#### EXERCISE REQUIREMENTS:
Among the records below, find the line that has "This puzzle was"; from there, give the lines again exactly, and stop after the line that has "Ten czarny top".

--- DATA FOR THIS TASK ---

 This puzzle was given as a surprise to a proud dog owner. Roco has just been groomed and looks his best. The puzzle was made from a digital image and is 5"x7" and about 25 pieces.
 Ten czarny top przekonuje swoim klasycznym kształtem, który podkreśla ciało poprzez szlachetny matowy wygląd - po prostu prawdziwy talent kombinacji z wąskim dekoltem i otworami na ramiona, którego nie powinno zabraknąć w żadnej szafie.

---
--- DATA FOR THIS TASK ---

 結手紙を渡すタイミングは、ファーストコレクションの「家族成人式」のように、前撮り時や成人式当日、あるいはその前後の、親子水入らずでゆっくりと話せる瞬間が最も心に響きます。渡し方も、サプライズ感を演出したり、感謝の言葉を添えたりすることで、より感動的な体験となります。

---
--- DATA FOR THIS TASK ---

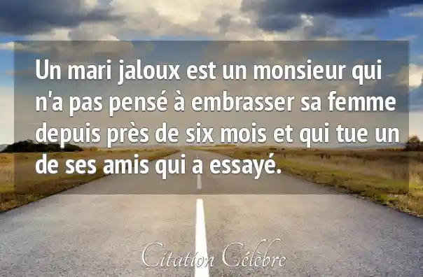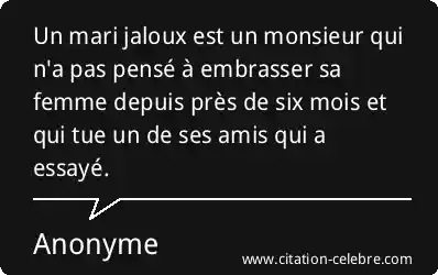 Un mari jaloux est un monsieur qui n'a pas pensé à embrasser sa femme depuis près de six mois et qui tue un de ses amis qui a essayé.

---

#### FINAL ANSWER:
 This puzzle was given as a surprise to a proud dog owner. Roco has just been groomed and looks his best. The puzzle was made from a digital image and is 5"x7" and about 25 pieces.
 Ten czarny top przekonuje swoim klasycznym kształtem, który podkreśla ciało poprzez szlachetny matowy wygląd - po prostu prawdziwy talent kombinacji z wąskim dekoltem i otworami na ramiona, którego nie powinno zabraknąć w żadnej szafie.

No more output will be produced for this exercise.